> **Task objective**
Copy the material below verbatim from the line with "3組は、国語で、古典芸能について学習者用端末を使って調べていました。" to the line with "Bước 2: tại", both lines included, omitting pictures and every line outside that range.

> **Available records**
= Beginning of Section =

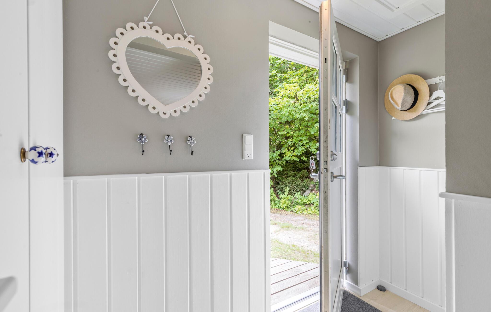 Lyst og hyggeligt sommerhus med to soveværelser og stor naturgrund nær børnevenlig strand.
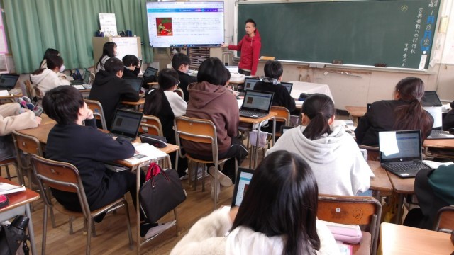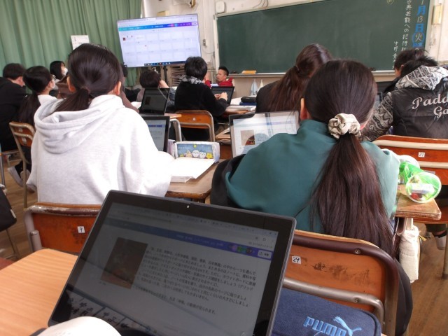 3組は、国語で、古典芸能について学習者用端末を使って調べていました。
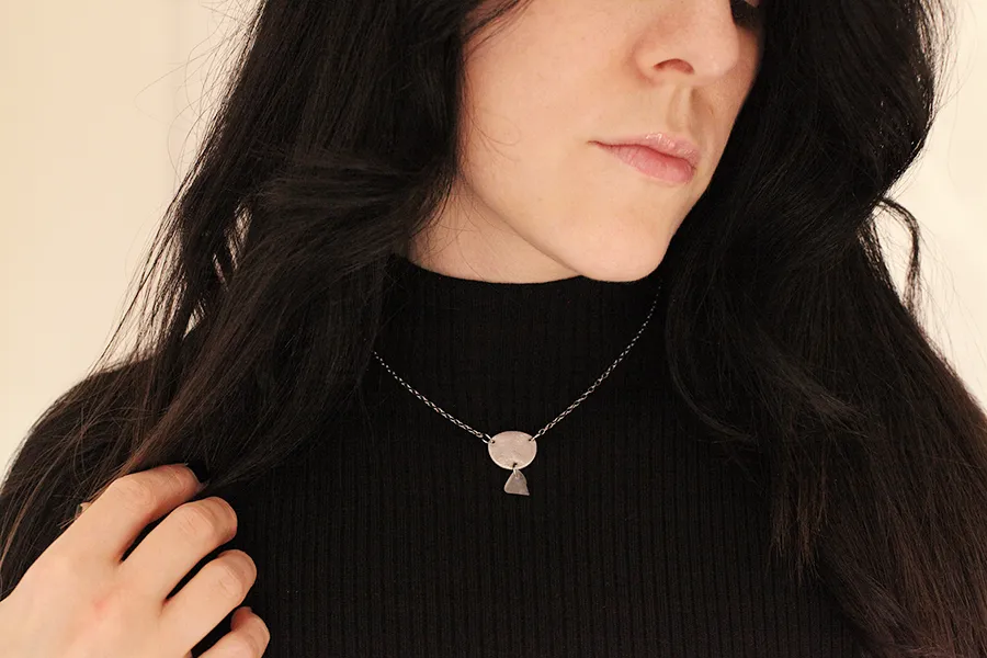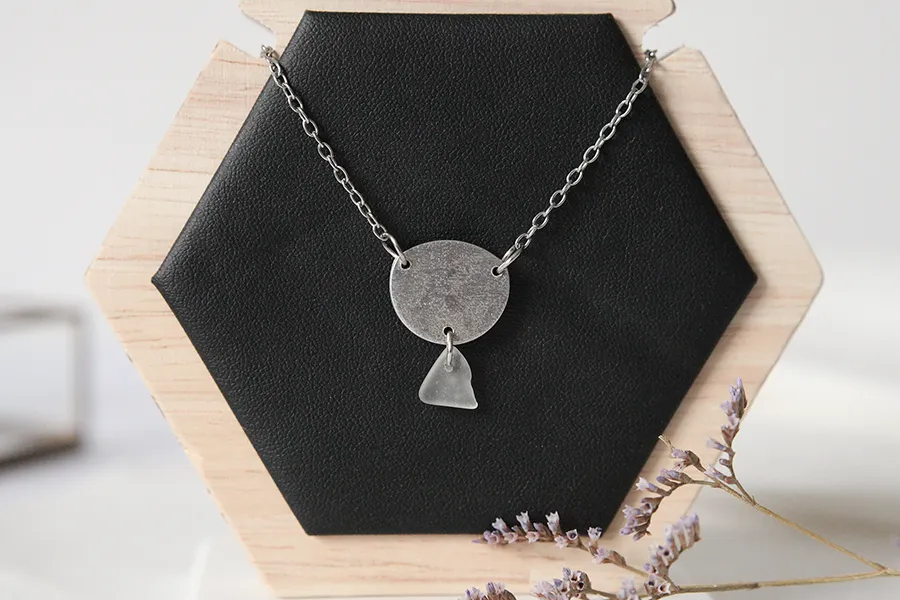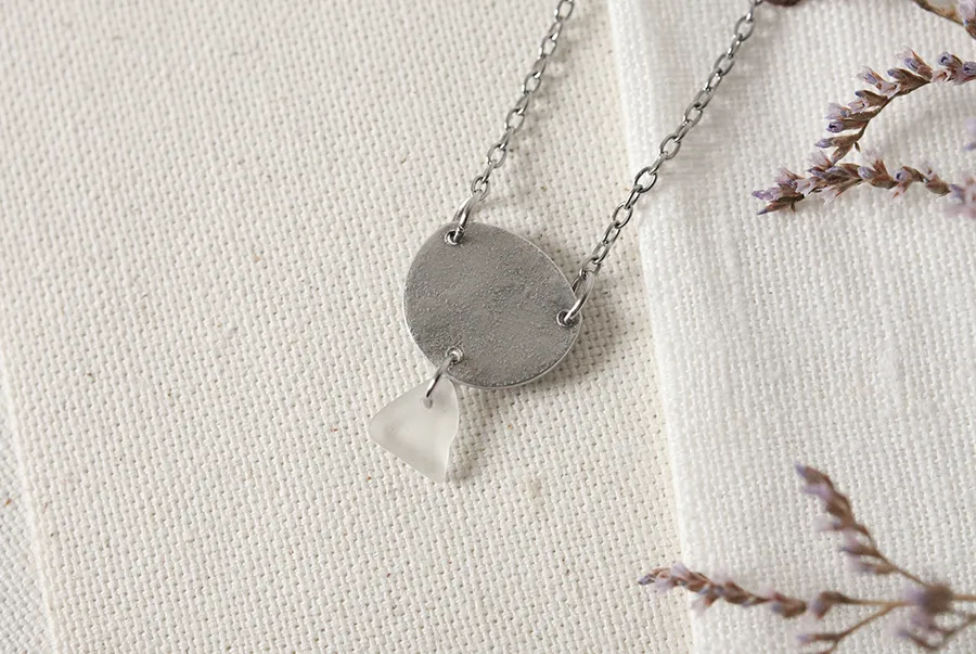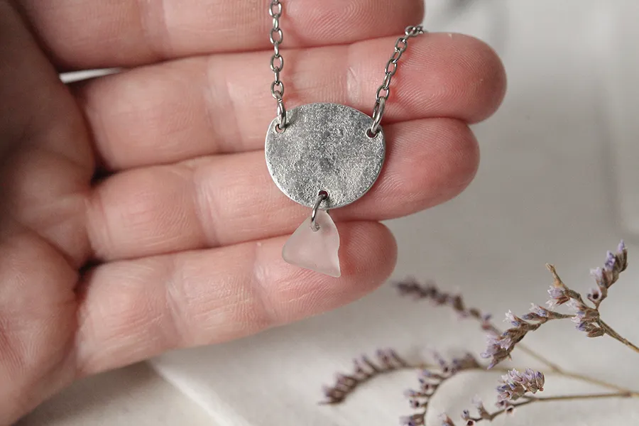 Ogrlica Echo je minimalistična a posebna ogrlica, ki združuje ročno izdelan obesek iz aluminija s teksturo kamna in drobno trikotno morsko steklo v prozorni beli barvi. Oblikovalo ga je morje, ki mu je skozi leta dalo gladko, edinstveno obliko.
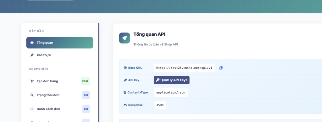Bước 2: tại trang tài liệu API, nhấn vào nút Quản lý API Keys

= End of Section =
= Beginning of Section =

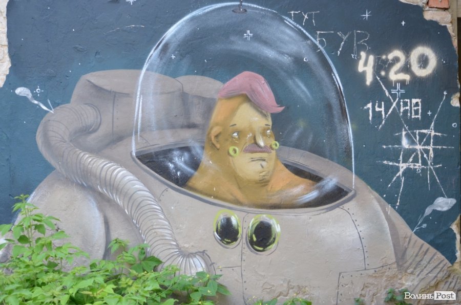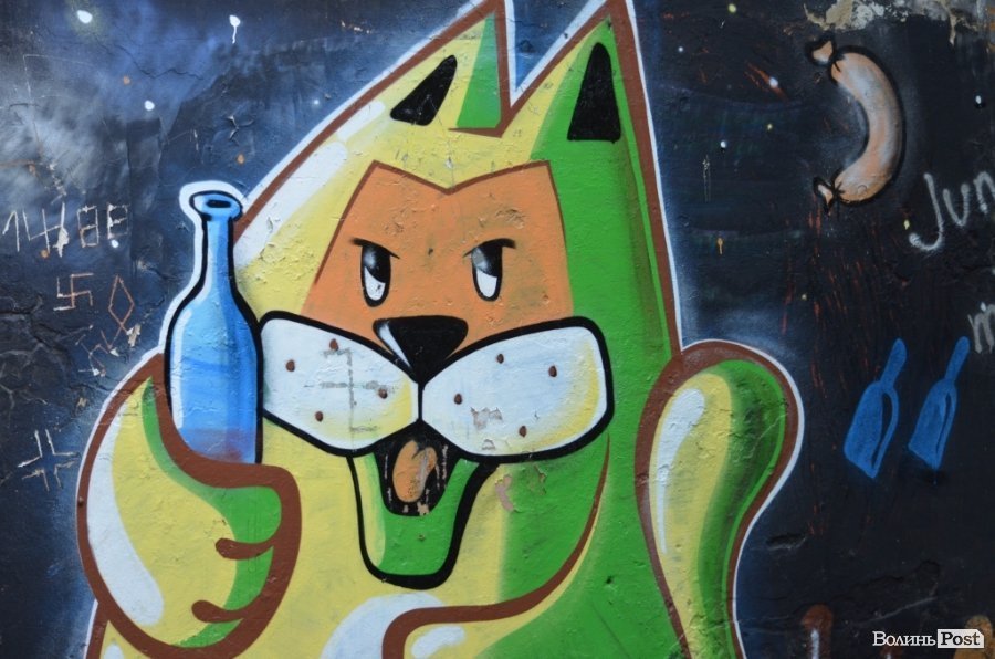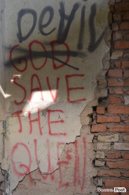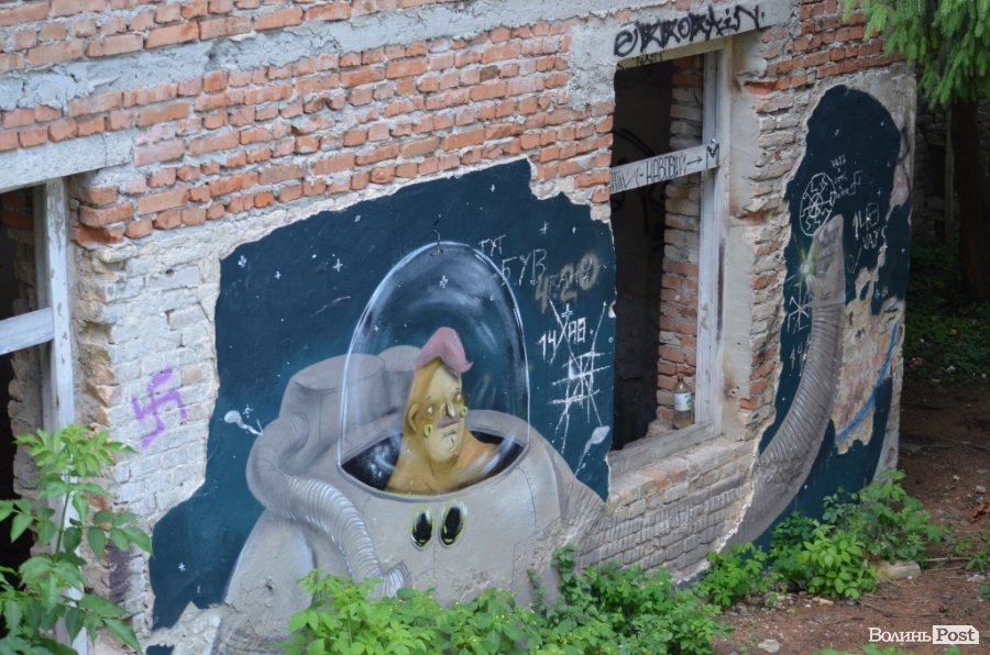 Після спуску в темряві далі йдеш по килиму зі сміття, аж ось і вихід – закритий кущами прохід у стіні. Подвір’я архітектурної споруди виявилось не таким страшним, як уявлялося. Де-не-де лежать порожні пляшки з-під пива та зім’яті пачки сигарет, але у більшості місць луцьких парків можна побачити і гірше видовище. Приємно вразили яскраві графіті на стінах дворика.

= End of Section =

> **Solution to this exercise**
 3組は、国語で、古典芸能について学習者用端末を使って調べていました。
 Ogrlica Echo je minimalistična a posebna ogrlica, ki združuje ročno izdelan obesek iz aluminija s teksturo kamna in drobno trikotno morsko steklo v prozorni beli barvi. Oblikovalo ga je morje, ki mu je skozi leta dalo gladko, edinstveno obliko.
Bước 2: tại trang tài liệu API, nhấn vào nút Quản lý API Keys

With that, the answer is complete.